Analyses were conducted by using the “msm (multi-state modeling)” R packages. By constructing a multi-state Markov model combining with CHARLS data, we use Markov transfer matrix to measure the multi-dimensional FC states transition probability of the older adults, and derive different states durations and population sizes in different periods based on actuarial theory. In a continuous-time multi-state Markov model, direct transitions between non-adjacent states are not allowed. This is consistent with the actual situation where there are hierarchical and dependency relationships between adjacent health states, that is, the transition between each functional state should show a stepwise, gradual change. Therefore, this model is suitable for calculating the transition between different levels of functional impairment, from state 1 to state 5 and death [42]. Based on this, a stochastic process model is set up to measure the transfer probability matrix of each FC states including states1, 2, 3, 4, 5, and 6, the first 5 states can achieve two-way transfer, while the death state is the absorbing state. Figure 2 shows the transformation diagram of the model.

The transfer of various functional abilities of older adults. Note. state 1: viability disorder; state 2: acute disease; state 3: somatic functional disorder; state 4: health; state 5: sub-disorder status; state 6: death

Full size image

In order to gauge the extent of demand for community home-based care, it is imperative to take into account the following crucial factors: first, the proportion of the older population with different FC states in China at the current stage; second, each FC status transfer probability and its change trend during the forecast period; third, the base period data of the older population in China during the forecast period. In this paper, we will study the above issues, measure the scale of the population with different degrees of FC from 2015 to 2035, and assess the scale of demand for community home-based care services.

1. (1)

   Population gender and age structure are important factors affecting the prediction results. We used 2011 CHARLS data to calculate the proportion of the older population of different sexes and ages by FC statuses \({\beta }_{k,i}^{\alpha }\), where i = 1, 2, 3, 4, 5, and 6 represent five FC statuses and death respectively; k represents different age groups;α = 1,2 represent male or female, respectively. By using the hidden Markov Chain to forecast the transition probability from 2011 to 2013 and 2015 respectively, the probability transition situation of the next 5, 10, 15 and 20 years is predicted with 2015 as the starting point.

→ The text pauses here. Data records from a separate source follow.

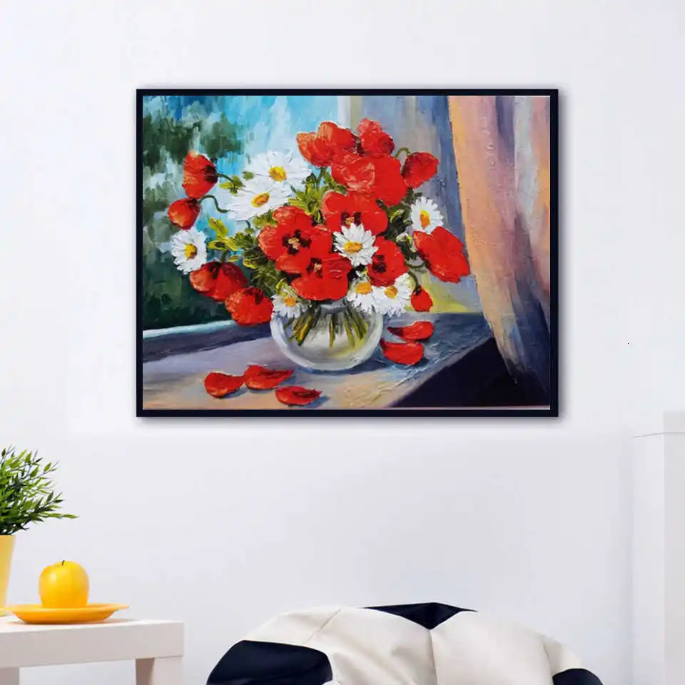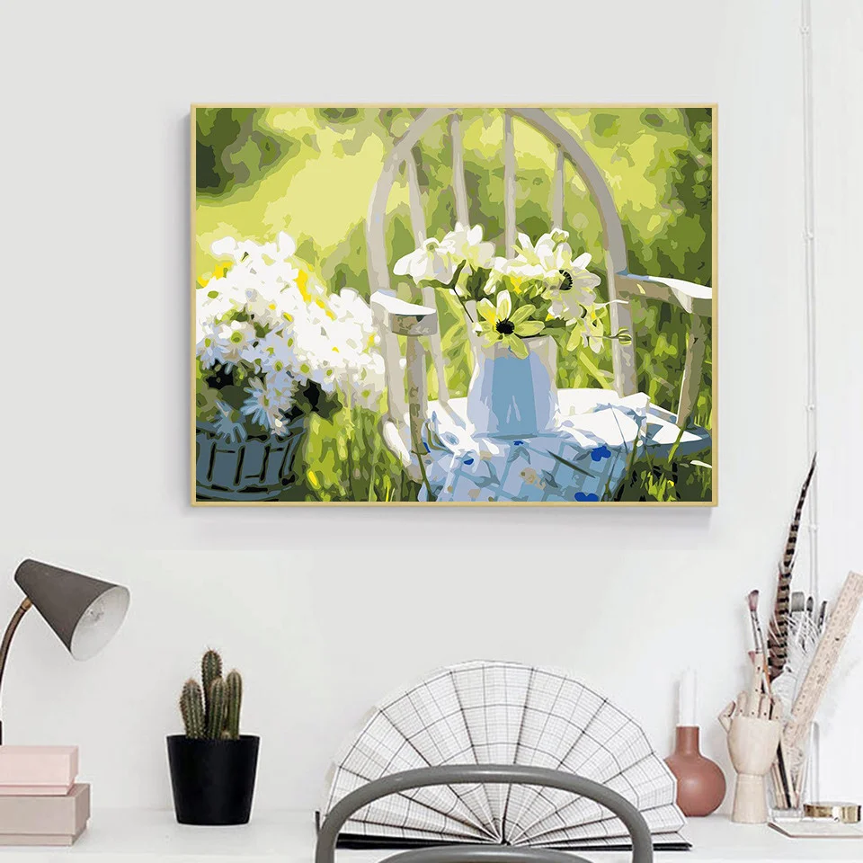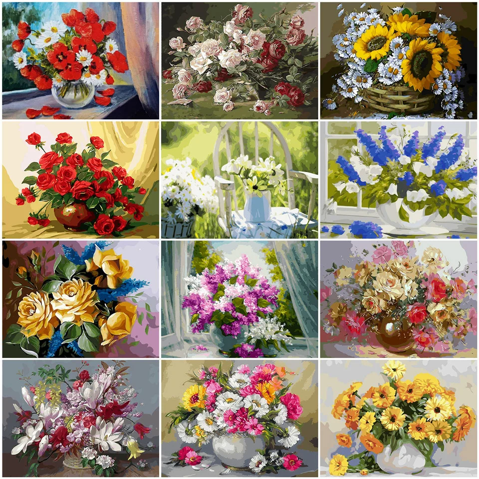 AZQSD взрослая Раскраска по номерам Цветок DIY Unframe настенное искусство акриловая краска масляная краска ing по номерам ваза домашнее украшение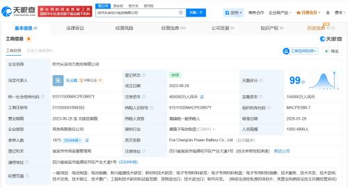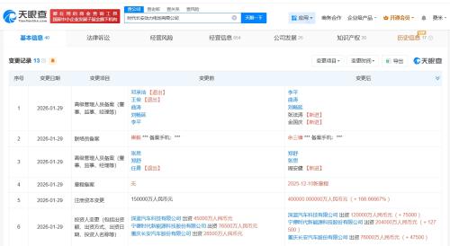天眼查App显示,近日,时代长安动力电池有限公司发生工商变更,注册资本由15亿人民币增至40亿人民币,增幅约167%。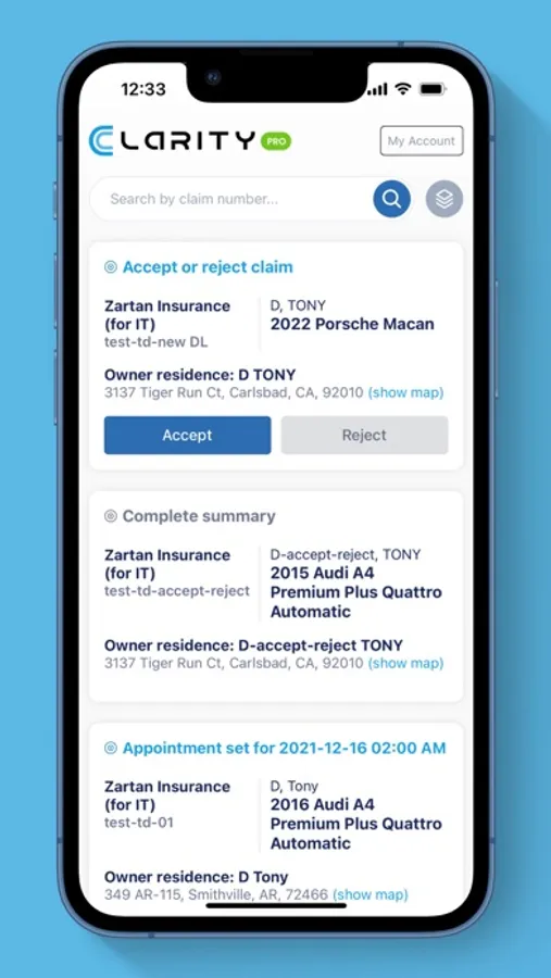 CLARITY Pro is a companion app to ACD’S CLARITY desktop application. It’s designed to help appraisers organize their day and more easily and effectively manage their claims. Communication, vehicle photos/uploads & status updates can be done straight from the field.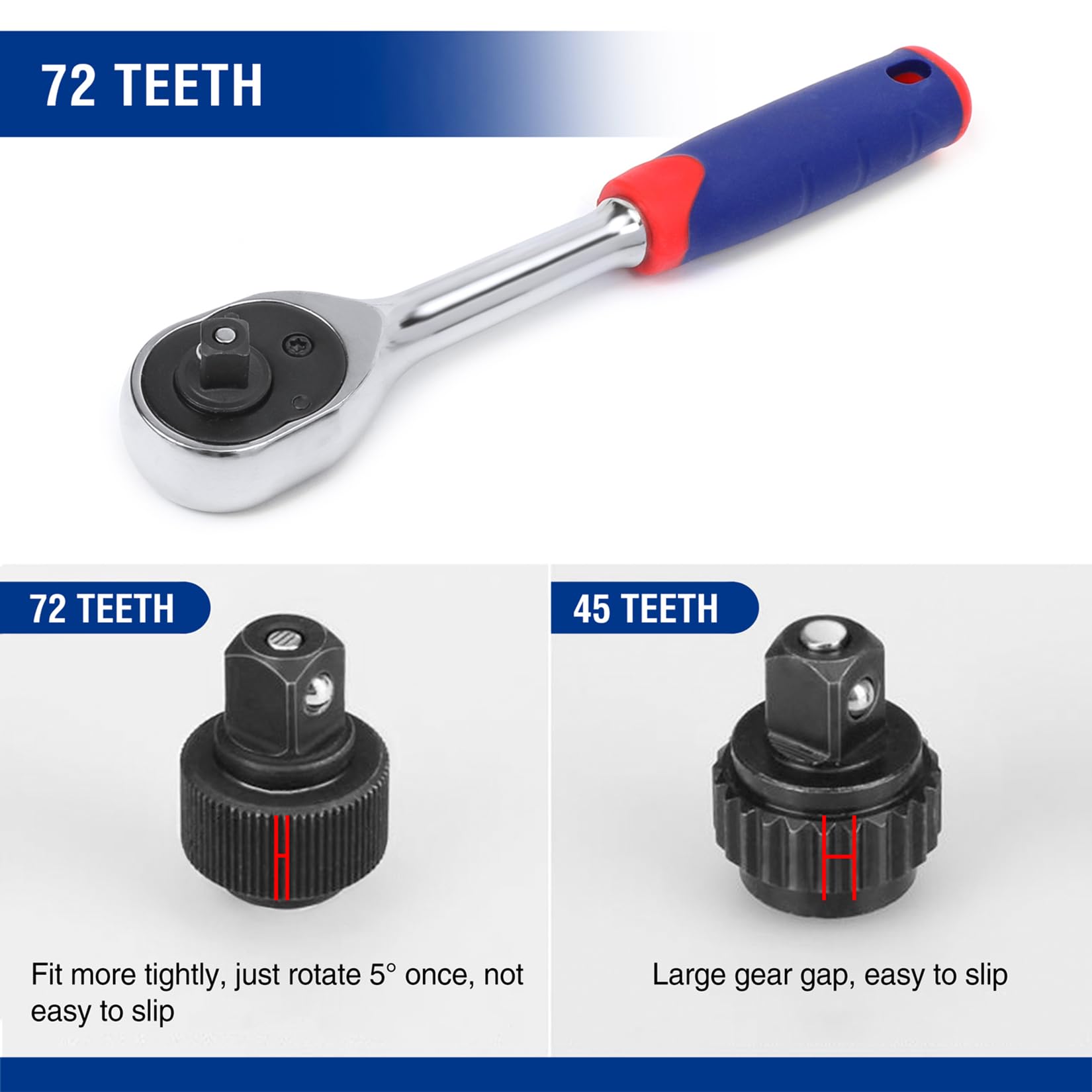 - Top Pick by Top Dad: Perfect for DIY dads, this set includes a reversible ratchet with 72 teeth, providing maximum leverage for easy tightening and loosening in confined spaces.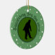 Diese lustige Menschenweihnachtsbaumverzierung sagt Squatching durch den Schnee. Sie ist auf einem grünen Hintergrund, der wie Schnee aussieht.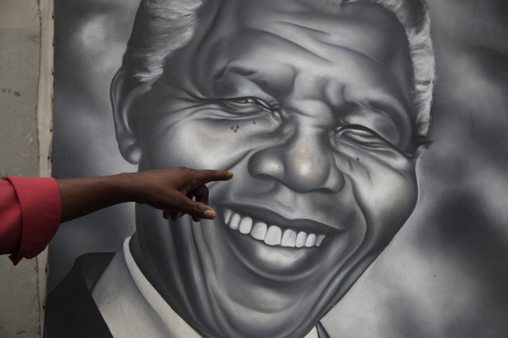A man points at a painting of former South African President, Nelson Mandela in Lagos, Nigeria, Friday. Mandela passed away Thursday night after a long illness. He was 95. As word of Mandela’s death spread, current and former presidents, athletes and entertainers, and people around the world spoke about the life and legacy of the former South African leader. (AP Photo/Sunday Alamba)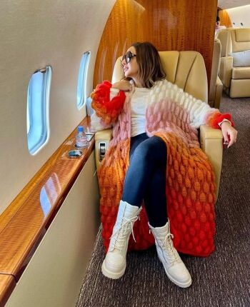 ولبست حذاء رياضيًا مع نظارات شمسية وبدت وهي تنظر من شباك الطائرة الى الخارج.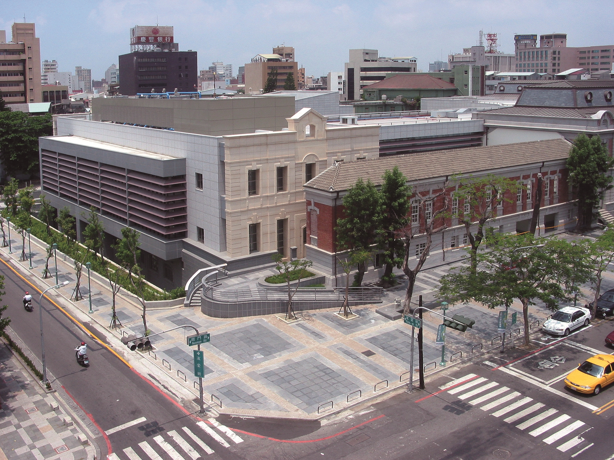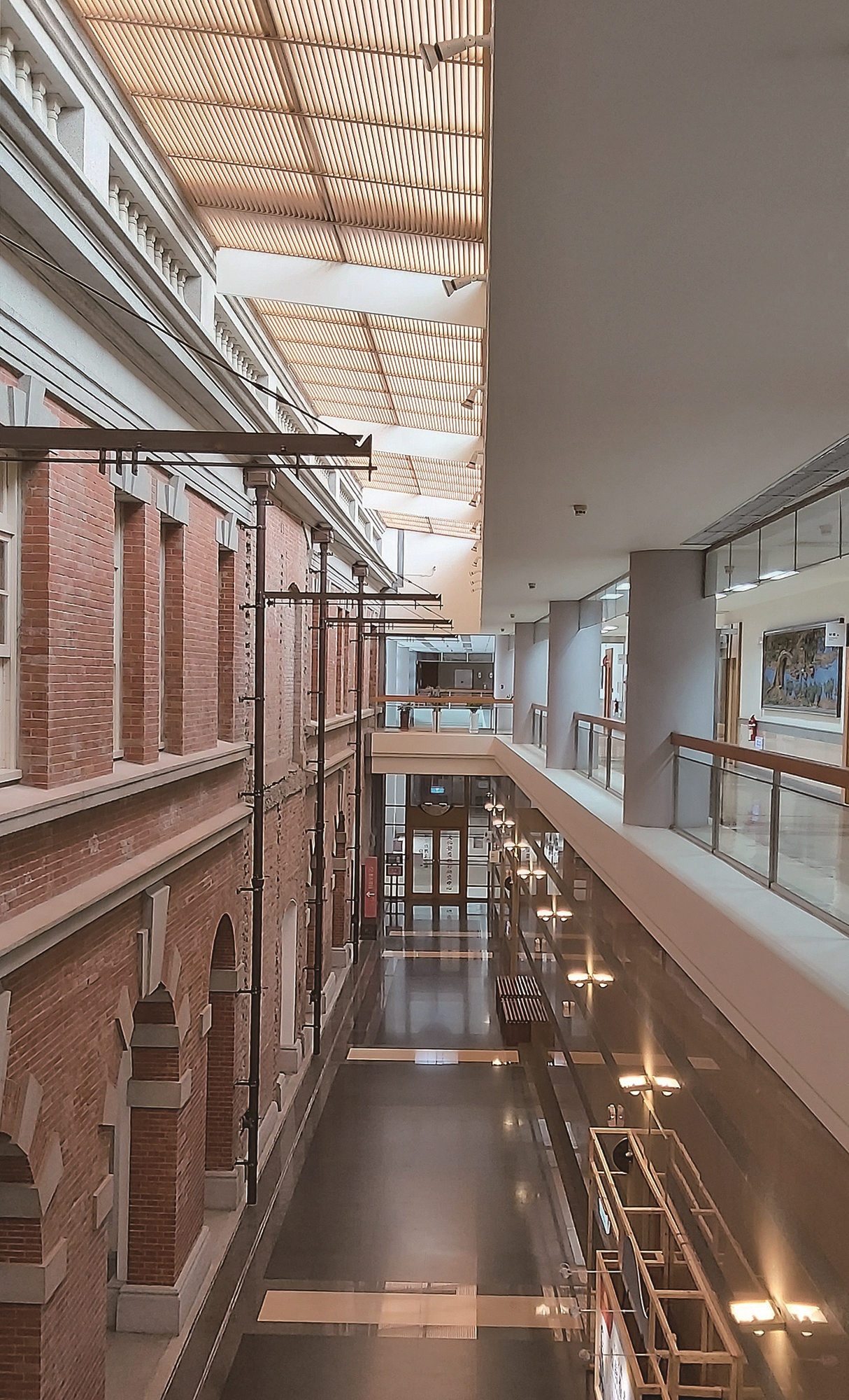 舊州廳的紅磚牆與新建築共同塑造臺文館藝文大廳。而紅磚牆上整面白色油漆的部分,標誌著舊州廳被拆除的一個小空間的位置,呈現新舊共融與歷史標記。(林韋言攝影)

This method ensures the span of the prediction interval is freely adjusted [43]. Based on the projection data of the United Nations Population Division [27], the population of older people of different sexes in each age group was multiplied with the corresponding vector of the proportion of older people in FC statuses \({\beta }_{k,i}^{\alpha }\)to obtain each period population of different sexes and ages in each FC statuses.

2. (2)

   The age group distance of this study was set at 10 years. There are three main considering reasons: (i) the same population cohort experienced similar period background, and the same chronological age group (e.g., 60–70 years old, 70 and above) can better reflect the mechanism and regularity of group FC state changes of external environmental factors such as economic and social development, i.e., the cohort effect; (ii) a small age group (e.g., divided according to 5 years old) can easily lead to male or female a small sub-sample size of a certain age group and a certain FC statuses causes low accuracy of state transfer probability estimation, which affects the prediction accuracy and stability; (iii) Referring to the experience of Zhang Zengxin (2019) who divided the disabled elderly according to the 10-year age group distance, the physical health statuses of the older people within the same age group has roughly similar distribution characteristics [44]. In order to coordinate the age group distance and transfer probability time, this paper calculated P (10) = e^10Q= \({e}^{\frac{10lnP\left(3\right)}{3}}\) ,by matrix index method to improve the prediction accuracy.

3. (3)

   To project the size of the older population by gender and age. The proportion of the older population in each FC state for each age group from 60 to 70 years old of different genders in 2011 was taken as the initial FC state distribution of the older population newly entering the age of 60 to 70 years old in the 10-year, 20-year, and 30-year periods. At the same time, the vectors of each FC state and the older population in different sexes and age groups 2011 were projected by the probability matrix of FC state transfer to obtain the population size distribution of the older population in different states over time in the period 2015–2035; the proportion of each FC state for each age group of 60–70 years for both sexes was multiplied with the vector of new entry into the 60–70 age in different genders group in each 10-year period. At the end to obtain of population size of each FC statuses of older people aged 60–70 in different genders in 2020–2035.

4. (4)

   In addition, in 2011, the Ministry of Civil Affairs of the People’s Republic of China released the “12th Five-Year Plan for the Construction of Social Aged Care Service System”, which further advocates the new “90–7 – 3” policy for the aged care, that is, 90% of the aged care with the assistance of socialized services through family In other words, 90% of the elderly will be taken care of at home with the assistance of social services, 7% of the elderly will be taken care of by the government through community care services, and 3% of the elderly will be taken care of in the eldercare service institutions. Based on this, the scale of labor demand in China’s elderly home-based care market under the “90-7-3” elderly care pattern is estimated based on the “97%” social and family care ratio.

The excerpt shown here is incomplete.